His body was in torment, and his mind was in turmoil. All of a sudden, with one cruel cut of a pair of hedge shears, his entire future came crashing down around him. For as much as he professed that Dreadlords, that Initiates, were weapons, and nothing but weapons, that their true and only purpose was in service to the state, just as it always had been, deep beneath this stalwart conviction for the traditional lay a firm opposition to it. Caeso, in fact, wanted to be more than just a weapon. He wanted all of those things which he had helplessly confessed to Soleil: a wife, a family, children, a legacy beyond war. But now? How could he have any of that? Was he...was he even a man anymore?

Soleil set the hedge shears on the end table with the lantern. Stood there, off to the side, smiling and watching.

"Don't you recognize where you are?" came a familiar voice from the darkness. A terribly familiar voice.

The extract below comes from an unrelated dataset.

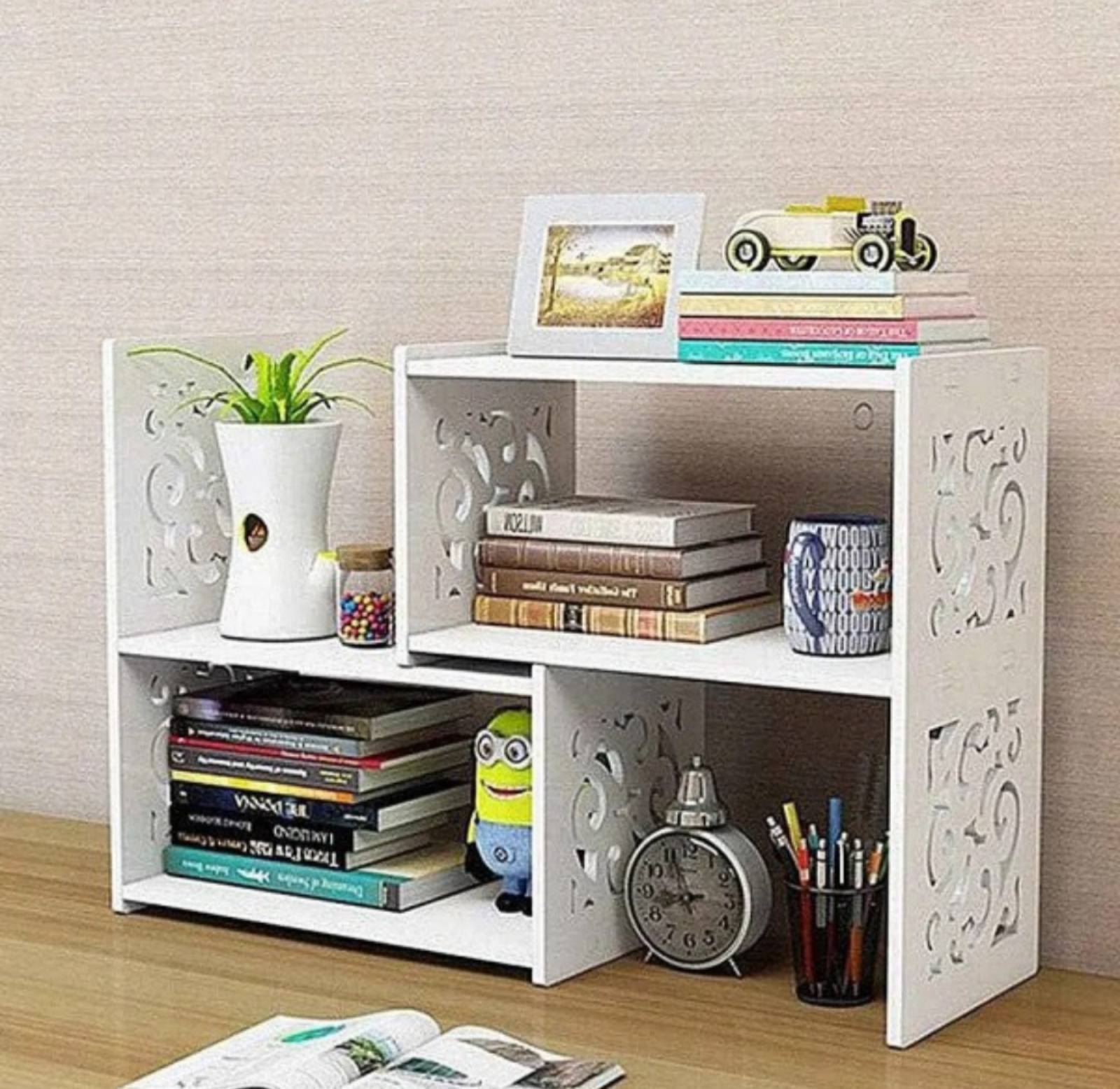 Ova elegantna i praktična polica savršena je za organizaciju knjiga, sveski, ukrasa i kancelarijskog pribora. Izrađena od kvalitetnog materijala sa dekorativnim rezbarijama, idealno se uklapa u radni sto, dečiju sobu ili kancelariju. Polica sadrži više pregrada koje omogućavaju pregledno skladištenje i istovremeno štede prostor.

And into that soft sphere of light stepped Sabian Diemut, Caeso's father. Utter shock left Caeso dumbstruck. His mouth hung open, and it was all he could do to simply stare in stark disbelief as his father stood in the lantern's light. He couldn't think, he couldn't speak, and even if both of these capacities were available to him then his own body, arrested by pains in all senses of the word, wouldn't allow for it anyway.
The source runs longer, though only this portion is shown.